There’s already been reporting on where Clinton plans to put her 2016 presidential campaign headquarters and even which states she thinks she could win in a general election. Such speculation underscores her twin hazards of overexposure and inevitability. If and when she decides to run, how could she spark our interest?

For a start, Clinton could make income inequality a central theme of her campaign and do it her way. She’s no Elizabeth Warren and she shouldn’t try to be. The Massachusetts senator, with her longstanding attacks on a “rigged” system and the institutions that benefit from it, owns the firebrand populist niche. That’s not Clinton’s style or comfort zone, especially after her eight years representing Wall Street as a New York senator. When she lashes out at business, it doesn’t go well, as in her mangled critique of trickle-down economics last fall: “Don’t let anyone tell you that, um, you know, it’s corporations and businesses that create jobs.”

What fits Clinton better is an appeal to high moral ground. You could characterize this approach as “we’re all in this together” or a form of tactful public shaming. Instead of attacking people who are benefiting from the rigged system, appeal to them on behalf of the common good and a healthier overall economy. Urge them to support a financial transactions tax and an end to ridiculously low tax rates for investment fund managers. Pick up on some of the ideas proposed by Washington Post columnist Harold Meyerson, such as lower taxes for corporations that cap CEO pay or raise worker wages to match productivity increases.

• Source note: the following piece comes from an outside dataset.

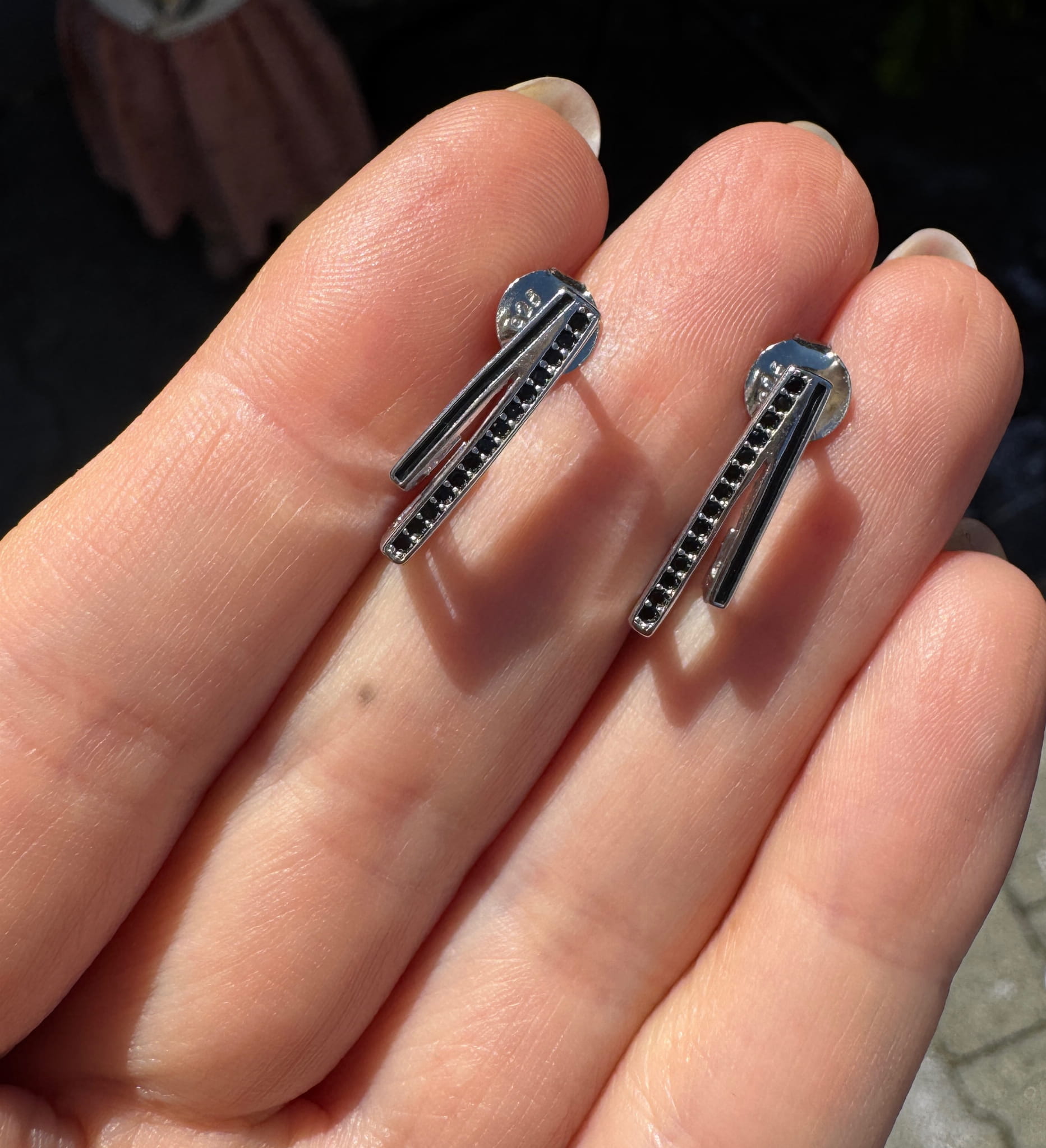 kolczyki wkrętki wykonane ze srebra pr. 925 czarnych cyrkonii i emalii

Clinton should also think carefully about whether to hire people on a listserv of some 150 Democratic operatives described as Clinton campaign aides in waiting. The emails, leaked to Rick Klein of ABC News and perfectly characterized as “bro-tastic” by The Washington Post’s Aaron Blake, are classic frat boy towel-snapping. Her last campaign was marred by infighting and incompetence. This time around, she should hire adults who know what they’re doing and won’t embarrass her while they’re doing it. That will not only yield a better campaign, it will show she learns from mistakes.

Hillary and Jeb will never be fresh faces. But they can minimize that handicap by running as creative, evolving leaders who are not captive to their family legacies.